Two hundred and fifty people will gather at a conference in Madison to discuss a pressing freshwater challenge: how to reduce runoff, especially from agricultural fields, that carries phosphorus.
Although phosphorus is commonly used to fertilize crops, the nutrient continues to run off, especially during storms. This causes the growth of algae, some of it toxic, in lakes and streams, which reduces water quality and threatens aquatic life.
The conference is organized by the UW-Milwaukee School of Freshwater Sciences Center for Water Policy. It is convening tribal, state and government representatives, as well as water companies, farmers and researchers.
READ: Declining Milwaukee River Basin water quality: ‘It’s hard to sugar coat’
Harvey Bootsma of UWM’s School of Freshwater Sciences will be among them.
Inside Harvey Bootsma’s lab, the tank on the left containing quagga mussels illustrates their ability to filter nutrients from their environment.
He points to two small tanks in the laboratory of the School of Freshwater Sciences. The bottom of one is thick with quagga mussels, an invasive species that entered the Great Lakes system around 1990.
“These were just taken out of the harbor this morning. We took them out with a couple of buckets of water. And we filled both tanks with the same water,” says Bootsma.
Extended conversation with Harvey Bootsma of UWM’s School of Freshwater Sciences.
In just over an hour, the water in the “quagga mussel” tank is almost crystal clear, while the other “is very murky and cloudy, and that shows you how effective the mussels are in the time to remove particulate material from the water,” Bootsma says.
And that’s not good. Quagga mussels have dropped out of the lake’s food web.
When Bootsma joined UWM’s freshwater science team in 1999, mussels weren’t on his research radar. Their focus was algae. “Algae that grow at the bottom of the lake. There was this real problem in Lake Michigan. It was just growing too fast, and there were no fish or other organisms that would feed on this algae,” he says.
This was not the first algae problem Lake Michigan has faced. In the 1960s and 1970s, Bootsma says, “Those were the heyday of eutrophication: too much phosphorus going into the lakes and causing too much algae to grow,” Bootsma says.
In 1972, concerned about the entire freshwater basin, Canada and the United States took steps to develop the Great Lakes Water Quality Agreement. Bootsma says he did a good job setting phosphorus limits for each lake and putting policies in place, such as “Improving wastewater treatment plants, some changes in farming practices, and restrictions on phosphorus in detergents for the clothes,” says Bootsma.
Boostma says that algae abundance and phosphorus concentrations dropped in Lake Michigan, “so when the algae came back in the late 1990s and early 2000s, we were baffled.”

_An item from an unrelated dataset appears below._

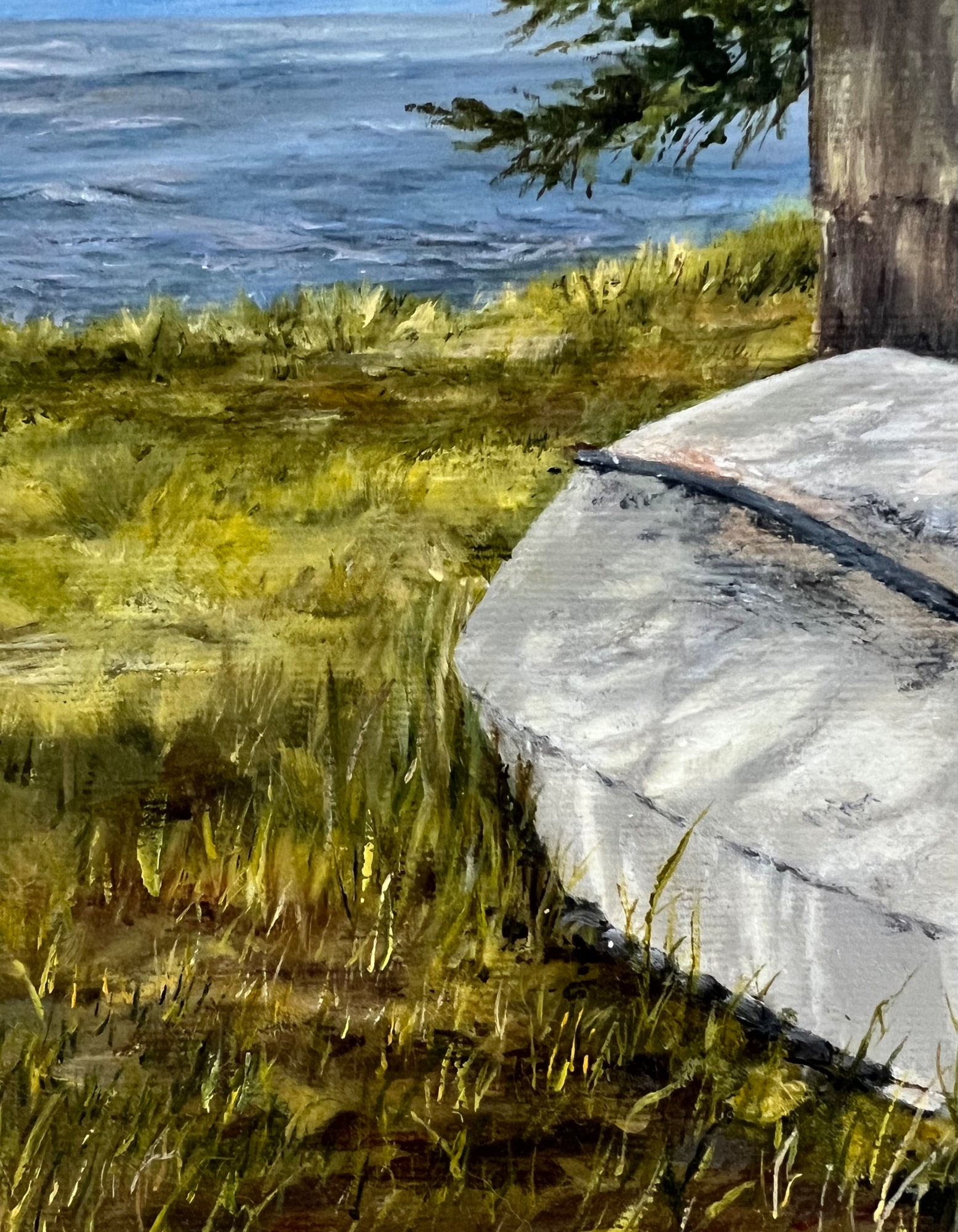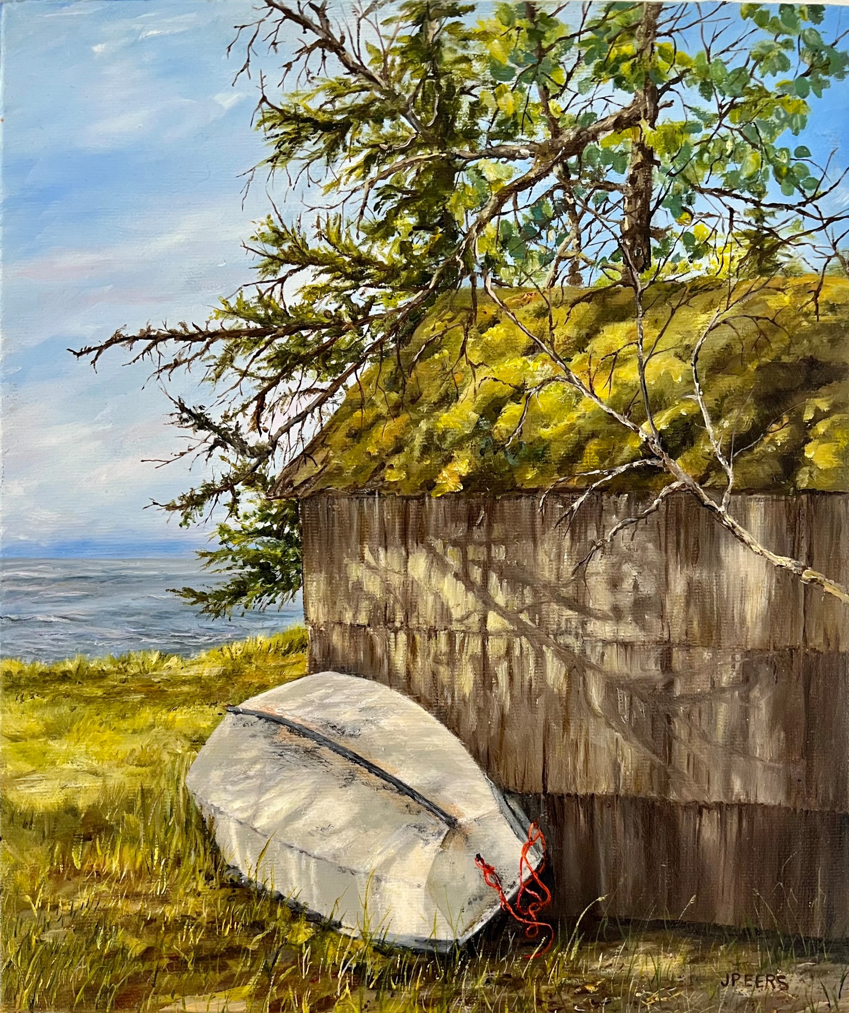 This little tender is waiting patiently to start another journey to the shore and then the ocean. Just a beautiful sight in such a quiet spot. The mooring lines red adds to the fun of this piece!

Bootsma looked for answers through experiments in his lab: “And we did a lot of diving in the lake, collecting the algae, measuring how much there was, measuring how fast it was growing, measuring the conditions of the temperature of the lake, the light, the phosphorus … both dissolved in the water, but also the amount of phosphorus that was in the algae itself,” he says.
This research led Bootsma to the quagga mussels we met earlier in the story.

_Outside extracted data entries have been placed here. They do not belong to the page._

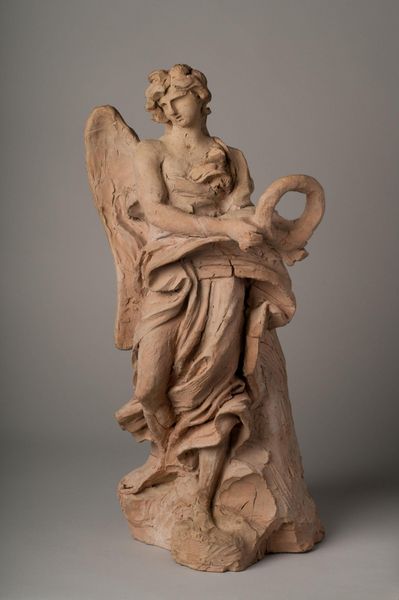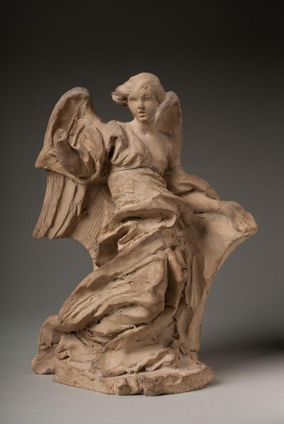 Editor: Here we have Gian Lorenzo Bernini's "Angel with the Scourge," currently at the Harvard Art Museums. I’m struck by how raw the terracotta looks, almost like unfired clay. What can you tell me about this piece? Curator: Considering Bernini’s masterful manipulation of marble, this terracotta model reveals a different side. How does the materiality inform our understanding of the final work it was intended for? Does the inherent labor, in both terracotta and marble, influence your interpretation? Editor: That’s a fantastic question. I never really thought about the angel in terms of the labor and production it took to create it. Thanks!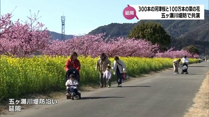 宮崎県延岡市では、五ヶ瀬川の堤防に沿って咲いている河津桜と菜の花の共演が訪れた人たちを楽しませています。延岡市の五ヶ瀬川堤防沿いの桜の名所「コノハナロード」では、およそ1キロにわたって300本の河津桜と1…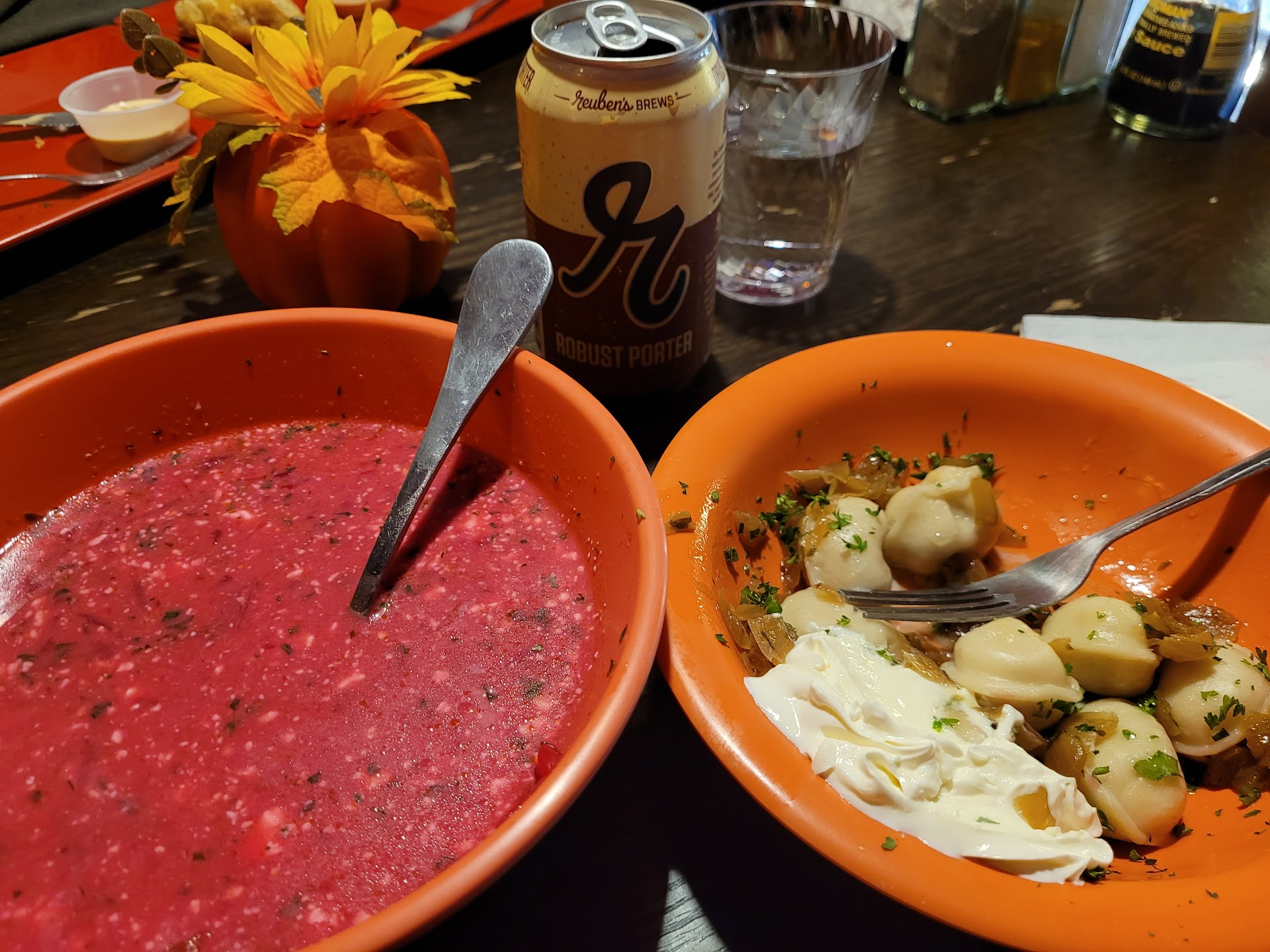 This was my first time eating Borscht and I fell absolutely in love with it. It was so much creamier and filling than I had expected, and they gave me a nice big bowl of it. The beef was so soft I almost believed it was a vegetable (though the rich flavor could only be beef). As for my dumplings, I adore their meat dumplings. The sour cream and caramelized onions combine to create a perfect bite each time, and the onions in particular taste so good that I'd often eat a spoonful of them alone.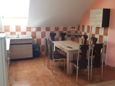 Ubytovanie poskytujeme na dvoch podlažiach. Na prvom poschodí je 5 dvojlôžkových izieb, na druhom (exkluzívnejšom) poschodí sú 4 väčšie izby pre 2 osoby s možnosťou pridania prístelky. Na každom poschodí sa nachádzajú 2 toalety a 1 kúpeľňa. V spoločenskej miestnosti je televízor a pripojenie na internet. K dispozícii je aj kuchynský kútik s platničkou a chladničkou.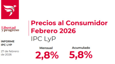 En febrero, el IPC de Libertad y Progreso registró un incremento del 2,8% mensual. Lo que marcaría una desaceleración en el ritmo de la inflación por primera vez luego de ocho meses de mostrar una tendencia al alza...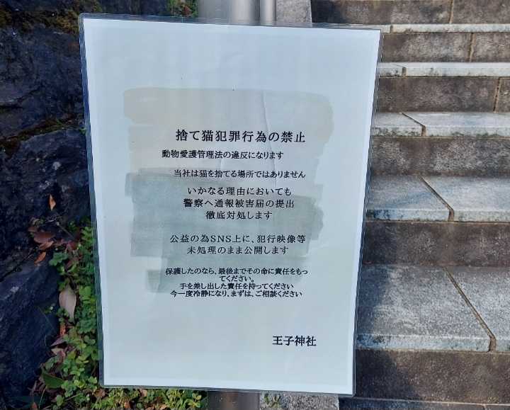 王子神社に2月の御朱印を頂きに参りました。 早くも2日だね~とか思いながら、社務所の窓口あたりに貼られてある今月の御朱印のデザインを見ると、2月の御朱印の他に『猫の月』の御朱印もありましたので、そちらも頂くことにしました。 本日は2月2日、ちょうどにゃんにゃん(ФωФ) 2月22日だとにゃんにゃんにゃんですね♪ 2月2日ということで、朝から『猫の月バージョン』の御朱印を貰いに来る参拝者が多いと神主さんが仰ってました。 ![]() 王子神社 2月の御朱印(通常バージョン) 鳴門には毎年コウノトリが飛来して繁殖してるので、コウノトリかな?と思ったけど、頭の部分や『鶴の恩返し』的な羽織してるのが描かれてるので、これは鶴ですな。 挟み紙はスキーにゃんこ♪ ![]() 猫の月バージョンの御朱印 あらん♪左上の胴長にゃんこは『2』の数字?笑笑 『王子神社』の肉球のデザインも、いつもと違うにゃんこキャラも可愛いのだ❤️ 日付もにゃんこ仕様だー🐾 ![]() ![]() 2月、3月は『冬詣御朱印めぐり』を開催されてるようで、本日頂いた2月の御朱印も冬詣共通奉拝印が押されてました。 冬詣や夏詣の御朱印めぐり、ずいぶん前に一度、挑戦したけど遠い神社もあるので、期間中に全部は参拝できなかったわぁ。 ちなみに参加されてる神社もその時によって違ってたりもします。 ![]() おっ!社務所からにゃんこが出てきました♪ 他の参拝者がにゃんこの側に居て写メってたので、遠くからパシャリ📷️ このコはおこげくんかな? 他のにゃんズは社務所の中で、ぬくぬくタイムかしらねぇ? ![]() ![]() ![]() ![]() ![]() ![]() 神社の階段の昇り口には“にゃんこ捨てないで!”の貼り紙や立て札が立てられてます。 ![]() ![]() ![]() 文化の森の敷地内には、神社で飼ってない外猫ちゃんもいるので、心ない人が猫を捨てに来るのでしょうね。(外猫ちゃんは、神社にも遊びに来ます。) ほんとにペットを飼うなら、最後まで責任を持って飼って欲しいものです。 お気に入りの記事を「いいね!」で応援しよう

“These mussels are excellent filters, they filter plankton out of the water column and at the same time they suck up phosphorus and pump it to the bottom of the lake where the mussels live,” says Bootsma.

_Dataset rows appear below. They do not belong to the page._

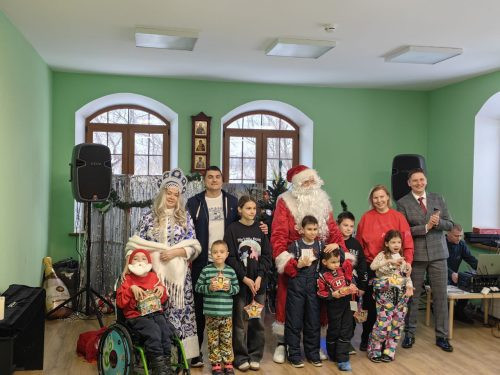 Кульминацией праздника стало детское поздравление. Активная прихожанка Анна Щелкушкина в образе Снегурочки вместе с Дедом Морозом вручила подарки детям из многодетных семей и семей участников СВО.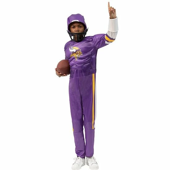 Transform into a true Minnesota Vikings player for Halloween or dress-up with this Game Day costume that celebrates human superpowers. The bodysuit features padded faux muscles, official Minnesota Vikings graphics and hook-and-loop closures for adjusting the size. Plus, polyester material creates a soft feel for hours of comfortable wearing.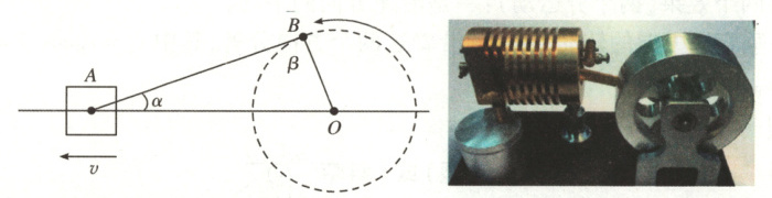 跟踪训练 5:(2025·陕西咸阳高一阶段练习)如图所示,斯特林发动机的机械装置可以将圆周运动转化为直线上的往复运动。连杆$AB$、$OB$可绕图中$A$,$B$,$O$三处的转轴转动,连杆$OB$长为$R$,连杆$AB$长为$L$($L > R$),当$OB$杆以角速度逆时针匀速转动时,滑块在水平横杆上左右滑动,连杆$AB$与水平方向夹角为$\alpha$,$AB$杆与$OB$杆的夹角为$\beta$。在滑块$A$从右向左滑动过程中 (
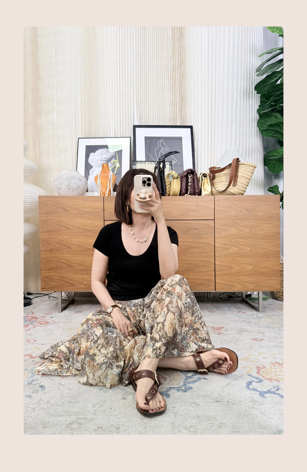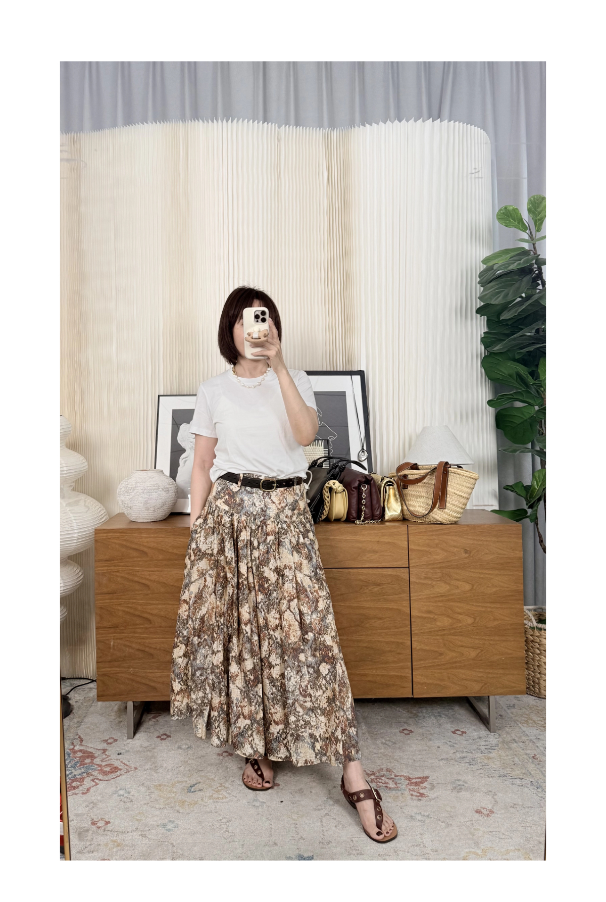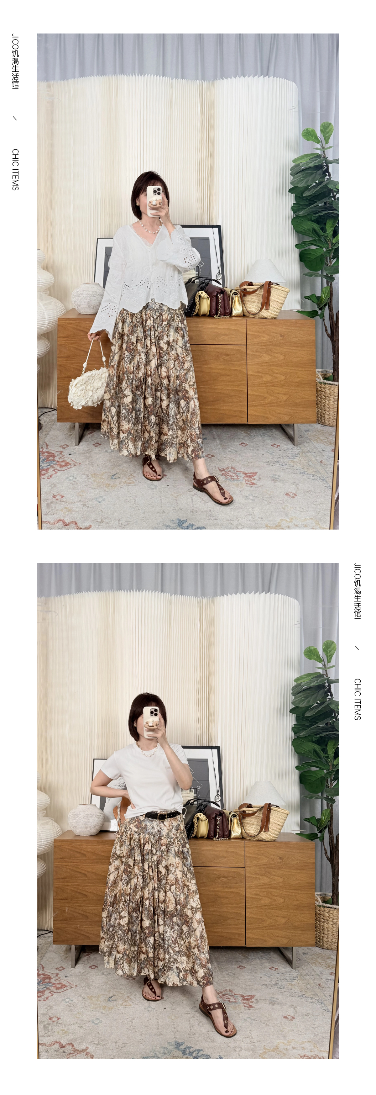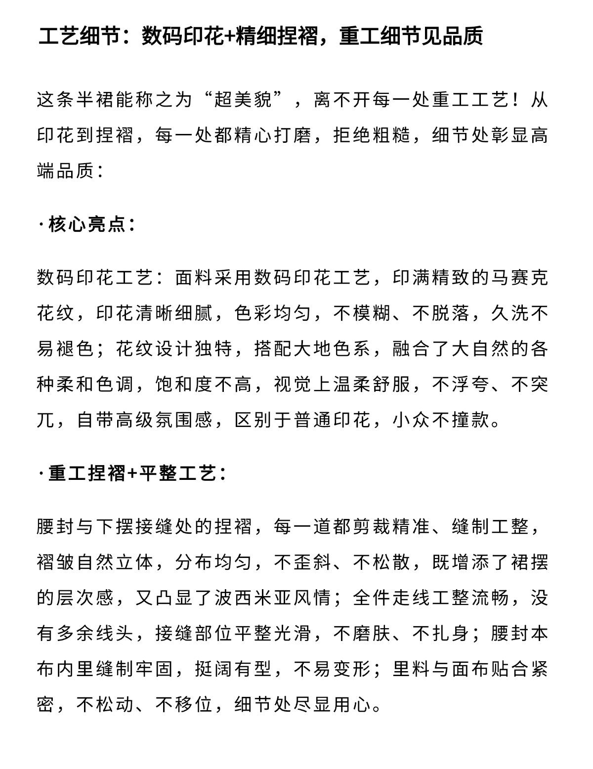 品位不趋同 波西米亚风丝棉半裙 大地色马赛克数码印花 重工超大摆亮 法式半裙

In fact, the mussels cover much of the lake, including the rocky reefs where the algae have taken over. That’s where Bootsma conducted more research on the Michigan side of the lake. He and his team spent a summer scraping mussels from an area the size of a large kitchen, he says.
“A small area in the shoreline area of Sleeping Bear Dunes National Lake. Our hypothesis is that there should be less algae when there are no mussels and the phosphorus content of these algae should be lower because we think the algae got a lot of their phosphorus from the mussels,” says Bootsma.
To his surprise, seaweed is only slightly less abundant. “Even though the phosphorus content of the algae actually went down, and we’re still trying to figure that out. If the phosphorus content is so much lower in these algae, why does it still seem to be growing quite quickly?” Bootsm says.
Another puzzle, Bootsma says, is that mussels have not recolonized this section of reef.
“The only way a rock can be recolonized is if the veligers, which is the mussel larvae, the very small larvae settle on those rocks and start growing as small mussels and eventually they turn into big mussels,” says Bootsma.
The scientist suspects that a different invasive, a small fish called the round goby, is gobbling up the larvae before they have a chance to mature.
“Ironically, one invasive species appears to be helping to control another,” says Bootsma. “That’s what we’re following.”
Bootsma, along with other researchers, elected officials and farmers, will study ways to control the impacts of phosphorus at the conference in Madison on Tuesday.
Bootsma says the discussion will be immensely complex and important.
“These phosphorus issues in Lake Michigan, which are quite unique and different from what happens inland. But the fact is, they’re both affected by what we’re doing on the land in agriculture and in our cities, so how we get it. there’s a balance,” Bootsma says.